This chapter can be covered in 1 lecture (75-90 minutes):
- The nomological network and Borsboom’s realist condition; non-identifiability (20 min)
- Consistency versus meaning: why validity is the prior question (10 min)
- A taxonomy of validity evidence: content, criterion, construct, external, consequential (30 min)
- Threats to validity in AI evaluation, and where each is diagnosed later in the book (25 min)
This chapter is largely conceptual and introduces little formal notation. Constructs are written as latent variables \(\theta_k\) that causally produce item responses \(Y_j\); the symbols for the operational diagnostics (the Mantel-Haenszel odds ratio, dimensionality eigenvalues, item-fit statistics) are introduced with the tools themselves in Section 5.11. See the notation appendix for the complete reference.
1.1 Consistency Versus Meaning
Consider a coding benchmark that produces highly consistent scores: run it twice and the rankings barely move, and every internal check of consistency comes back excellent. One might conclude that the benchmark is working well. But suppose closer investigation reveals that the benchmark items were scraped from a popular programming tutorial site. The models with the highest scores turn out to be those whose training data included that site. The benchmark is not measuring coding ability—it is measuring memorization of specific solutions. The scores are perfectly consistent, but they do not mean what they appear to.
This is the validity problem. Reliability asks: does the evaluation give the same answer twice? Validity asks the deeper question: does the evaluation measure what it claims to measure? A perfectly reliable instrument can be completely invalid—like a bathroom scale that always reads 70 kg regardless of who steps on it. Conversely, validity requires reliability: if measurements fluctuate randomly, they cannot track any underlying construct. In the language of Section 1.2, the scraped benchmark has a strong \(\theta \to Y\) edge for the wrong \(\theta\): variation in scores is causally produced by memorization, not coding ability. Reliability cannot detect this, because the spurious cause is just as consistent as the genuine one would be. This chapter develops the theory of validity in AI evaluation. We begin with a taxonomy of validity evidence (Section 1.3), then examine the major threats to validity in AI benchmarks (Section 1.4). The chapter is deliberately conceptual: the operational tools for detecting these threats build on the measurement machinery of later chapters, so we develop them there as item-level diagnostics (Section 5.11) and principles for building trustworthy evaluations (Section 5.12).
1.2 A Network of Constructs
A construct does not exist in isolation. It acquires meaning through its place in a nomological network—a web of lawful relationships connecting a construct to its observable measures and to the downstream outcomes it should predict (Cronbach and Meehl 1955). Throughout this chapter we model constructs as latent variables that causally produce the measures (a single benchmark may probe more than one construct at once). Drawn out, the network is then a graphical model over the constructs, their measurements, and the outcomes they should predict (Frank et al. 2025), and validity becomes the question of whether the relationships we observe are consistent with the structure the network asserts (Figure 1.1).
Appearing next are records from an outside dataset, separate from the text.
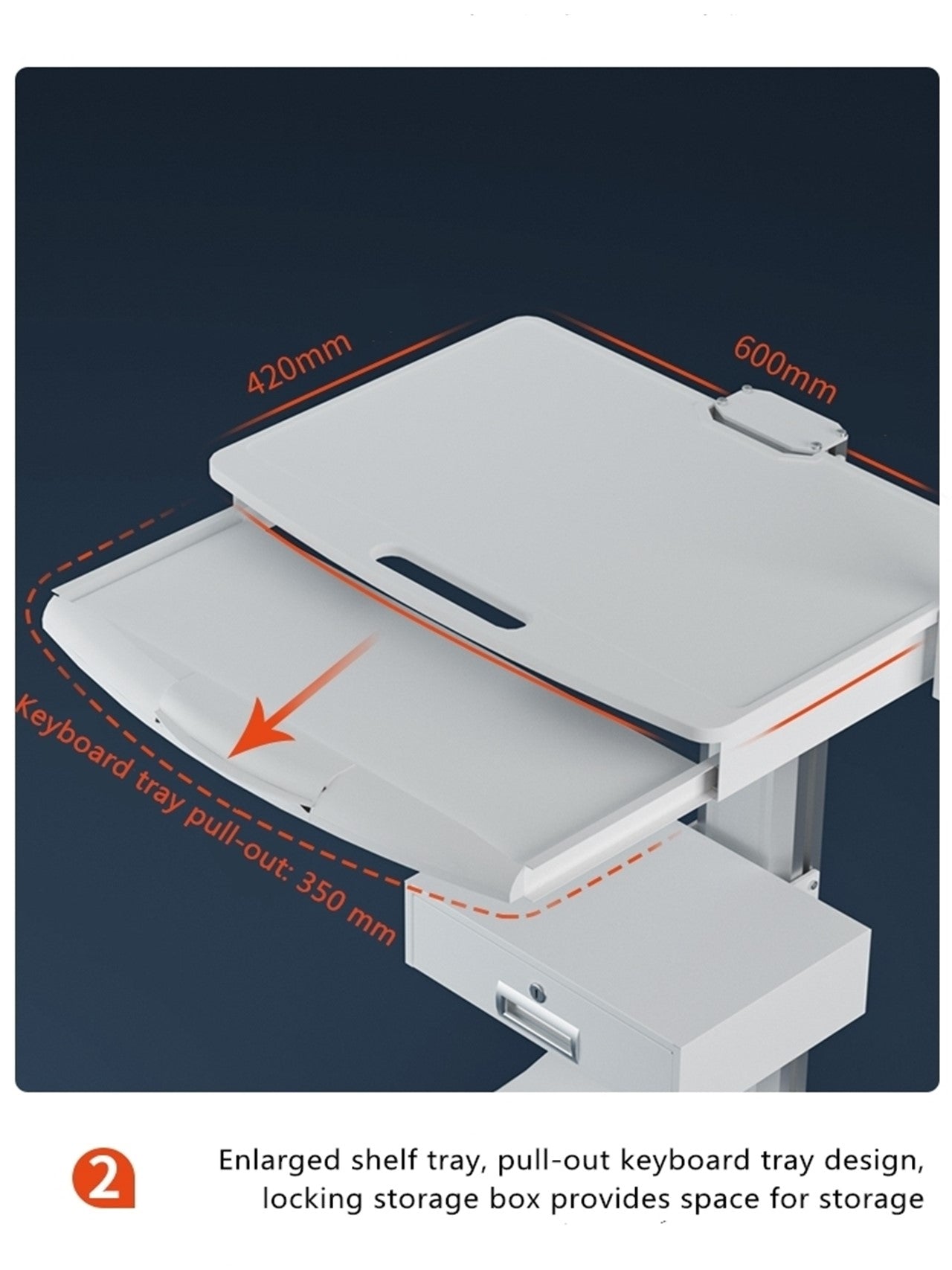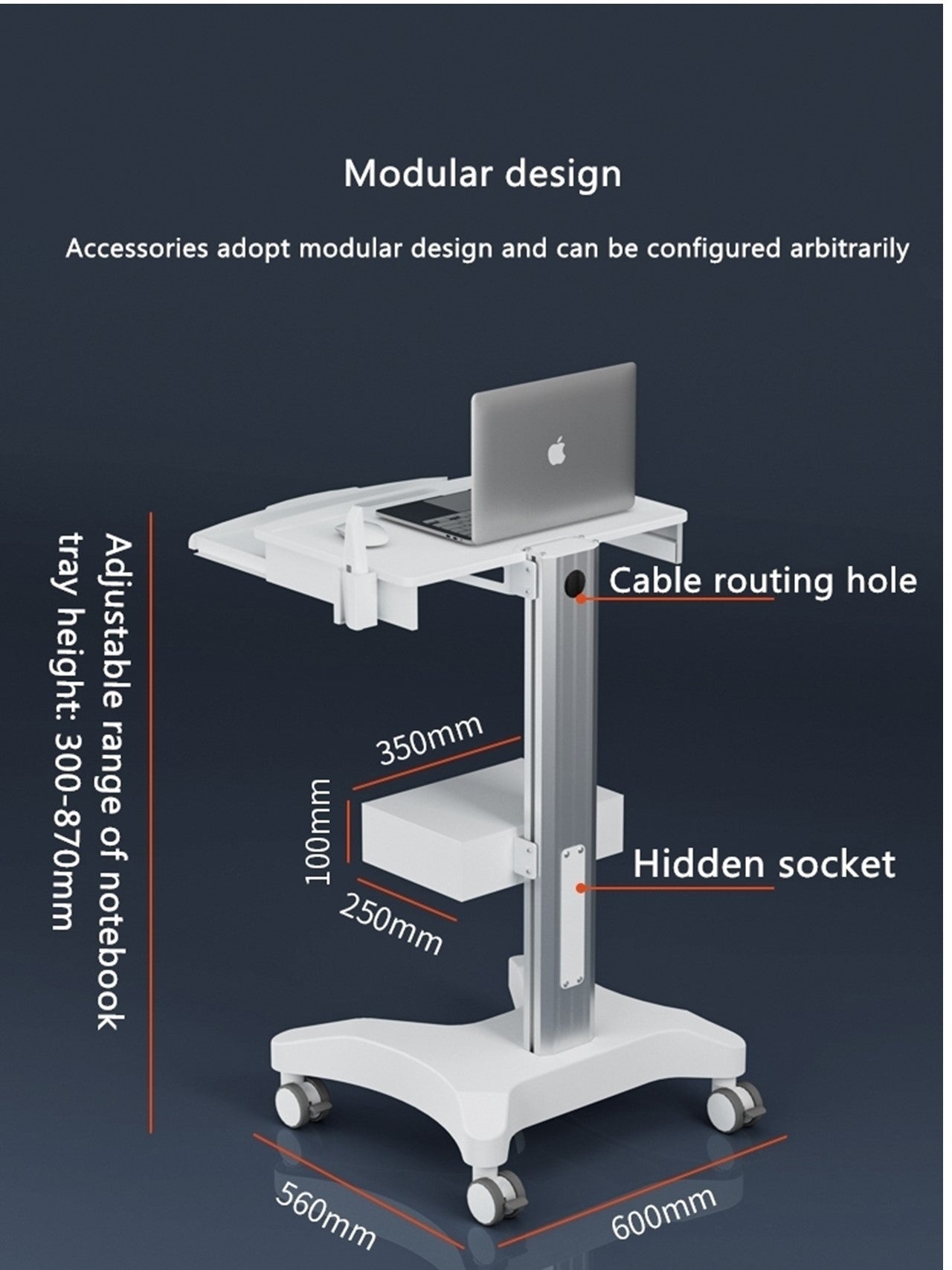 The height-adjustable medical cart can be used while sitting or standing, designed with ergonomic principles in mind.Hidden sockets make cables and sockets no longer cluttered. The modular design allows for flexible assembly of storage baskets or trays as desired.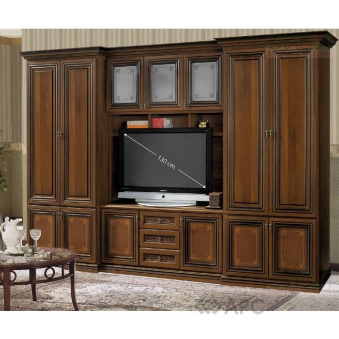 Гостиная Капри - замечательный мебельный ансамбль укомплектован вместительными закрытыми тумбами. Благодаря сдержанному дизайну, удобным размерам и достаточному количеству полок, стенка пользуется популярностью. Корпус ДСП: орех Караваджо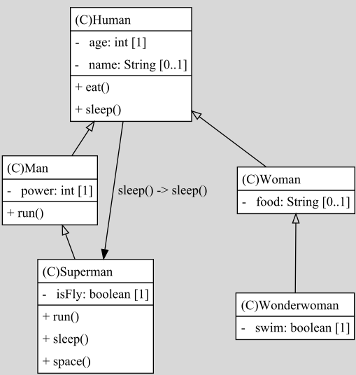 또 Superman은 Man클래스의 자식 클래스, Woman은 Wonderwoman클래스의 부모 클래스이다.

From a causal perspective, Denny Borsboom provides a definition for validity. A measurement instrument is valid for measuring a construct if and only if:
- The construct theoretically exists, and
- Variations in the construct causally produce variations in the measurement response.
First, the construct being measured must exist independent of the measurement itself. If we claim to measure “reasoning” but there is no such thing—if intelligence is better understood as a collection of independent abilities—then no test can validly measure it. Second, the construct must cause variation in measurement responses. It is not enough for test scores to be correlated with the construct; the construct must be the reason for the variation.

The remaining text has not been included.